Distributed XGBoost -- standalone?

jinliangwei · August 9, 2018, 10:52pm

As a quite inexperienced xgboost user, I found documentation on distributed xgboost using YARN and there’s also mentioning about xgboost + Spark but not much else.

Is it possible to use distributed xgboost “standalone”? Maybe with dmlc-submit --cluster ssh?

I’ve also seen xgboost can run on MPI. Does it just mean rabit uses MPI instead of directly using TCP sockets? Should I expect a performance difference between MPI vs. no-MPI?

Is xgboost + Spark the “recommended” way for distributing xgboost?

Thanks!

thvasilo · August 9, 2018, 11:43pm

Hello Jinliang,

In my experience the easiest way to launch distributed XGBoost clusters is to use EMR to launch a YARN cluster and then install XGBoost manually and launch jobs through YARN.

Setting up manual SSH access would be a real pain with permissions etc.

I have a couple scripts to automate the setup, I’ll try to post them soon to make launching ad-hoc clusters easier.

If you only want to run XGBoost jobs I’d stay use standalone XGBoost through YARN and skip the Spark layer.

–Theo

codyyang · August 10, 2018, 1:49am

@jinliangwei If you really want to run distributed xgboost through ssh, you could refer to the implementation of ‘dmlc-submit --cluster local’.

Running xgboost on MPI means xgboost uses the MPI implementation of allreduce and broadcast, which doesn’t have the ‘checkpoint’ mechanism supported by rabit. As to performance, I can’t say anything.

jinliangwei · August 10, 2018, 2:29am

Thanks. I don’t really mind setting up SSH, etc – I’ve done it many times before. The dollar cost on EMR would be a bigger concern for me right now.

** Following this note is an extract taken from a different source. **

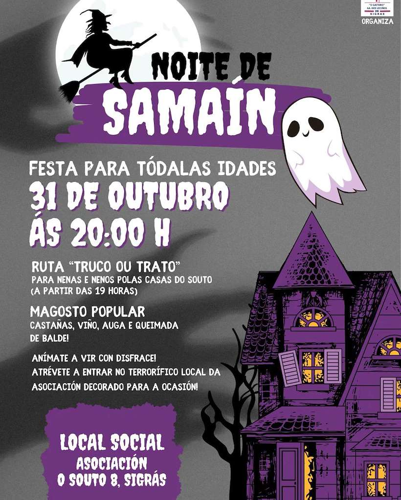 El local de la Asociación Vecinal O Souto acogerá la fiesta de Samaín el 31 de octubre desde las 20.00 horas. Un poco antes, a las 19.00 horas, los niños podrán hacer una ruta de Truco o Trato por las casas de O Souto. A las ocho empezará la fiesta con magosto popular de castañas, vino, agua y queimada gratuita.
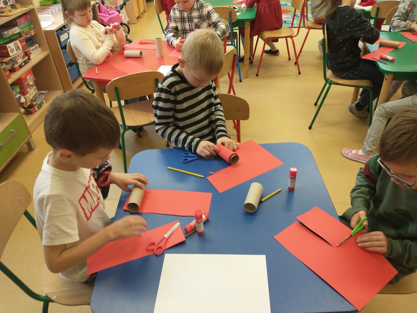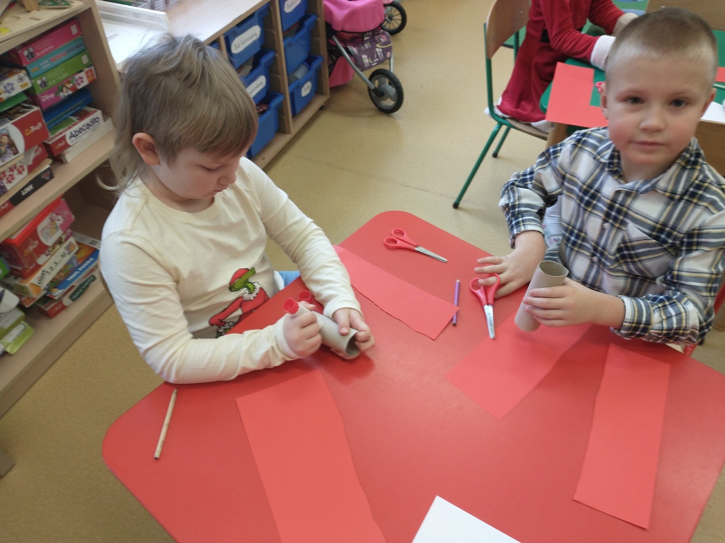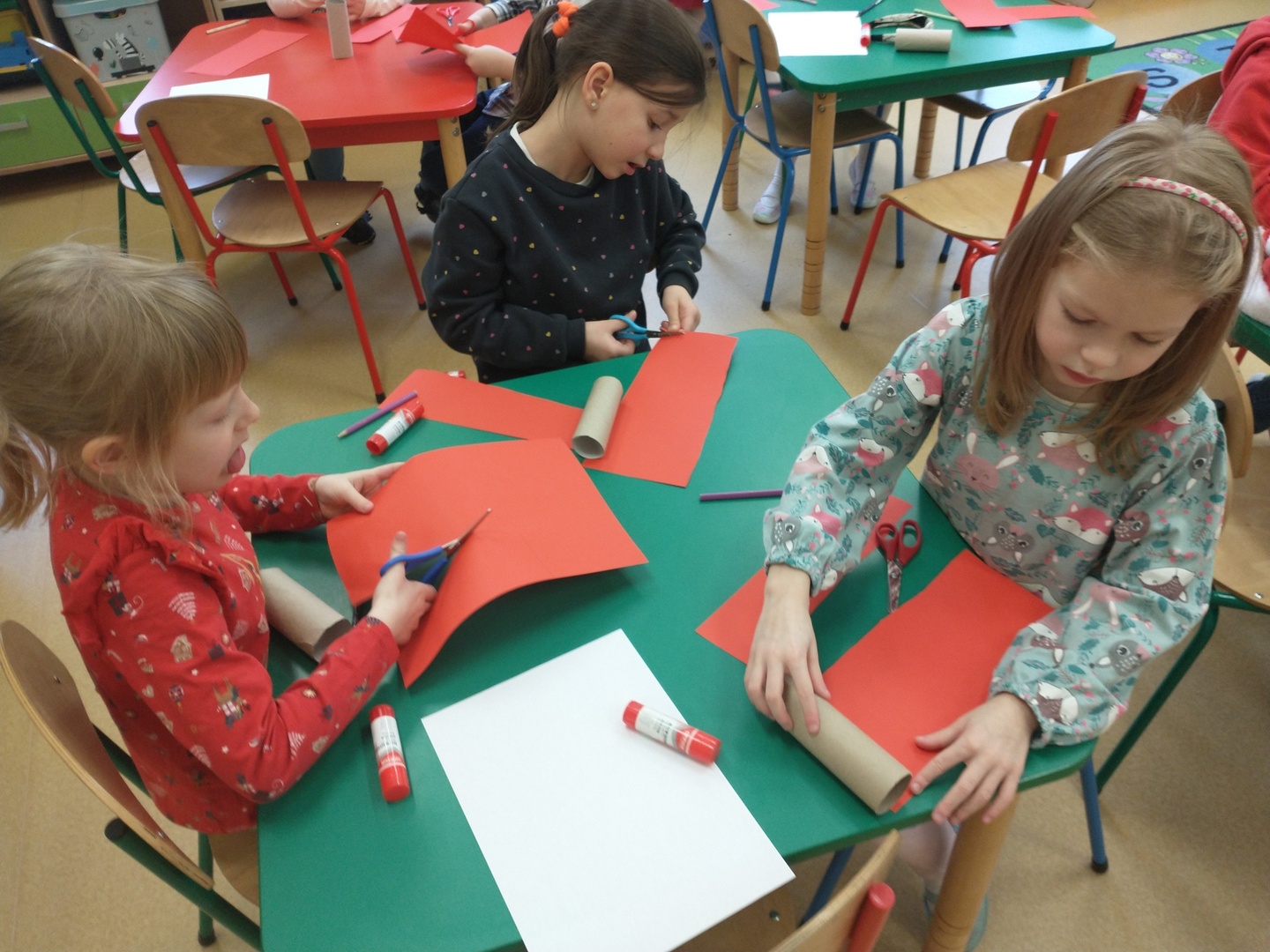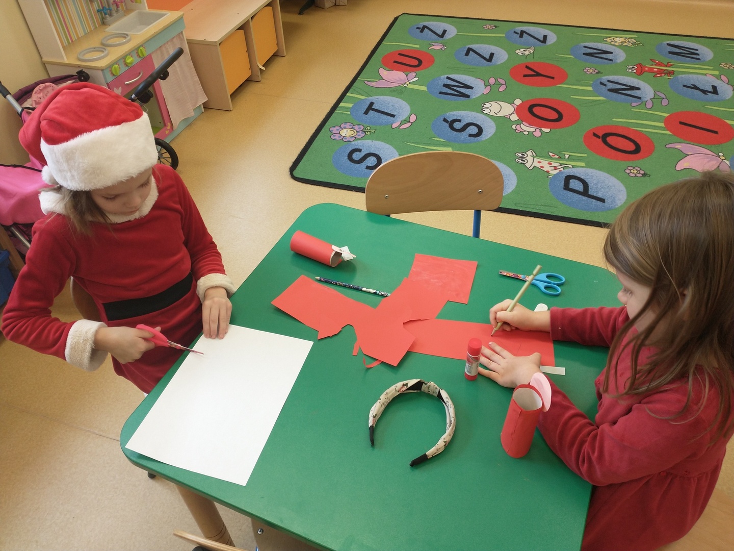 Następnie dzieci narysowały swoje świąteczne marzenia, a powstałe prace zostały zaprezentowane na wystawie. W końcu grupę ,,Pszczółki” odwiedził długo wyczekiwany gość. Po upewnieniu się , że dzieci były grzeczne, Mikołaj rozdał im prezenty. Po jego wizycie dzieci wykonały śliczne Mikołaje z papieru.

jinliangwei · August 10, 2018, 2:41am

Thanks all. @codyyang @thvasilo I guess I didn’t make myself clear before. Launching processes on distributed machines isn’t a problem for me. What I meant to ask was – if I actually use SSH to launch processes, do I need to provide any additional arguments or environment variables to xgboost?

codyyang · August 10, 2018, 3:36am

@jinliangwei In order to run distributed xgboost, you should start a rabit tracker, provide the ip and port of your rabit tracker to xgboost instance through environment variables rabit_tracker_uri and rabit_tracker_port.

There 's a implementation of rabit tracker in python.

jinliangwei · August 10, 2018, 7:19am

Great, thank you!

But did you actually mean dmlc-submit --cluster ssh when you said dmlc-submit --cluster local? I thought local was for lauching local jobs.

codyyang · August 10, 2018, 7:55am

I’m afraid there’s no ‘ssh’ support for the --cluster option.
You could read the code of the ‘local’ version, make a little change to it, to support ssh connection.

jinliangwei · August 10, 2018, 6:36pm

Thank you! There is already a ssh version. I had to add ssh to submit.py, but it seems to work just fine.

Regarding xgboost on MPI, I thought xgboost always uses rabit and rabit has an MPI engine. Does xgboost on MPI mean it uses rabit’s MPI engine? And do you mean that rabit’s MPI engine doesn’t support checkpointing?

codyyang · August 13, 2018, 1:14am

AFAIK, rabit is a ‘tailored’ version of MPI, it only implements the allreduce and broadcast API of MPI. Xgboost could use both rabit and MPI interchangably as the underlying data sync engine, but with rabit only, you got the additional ‘checkpoint’ supporting.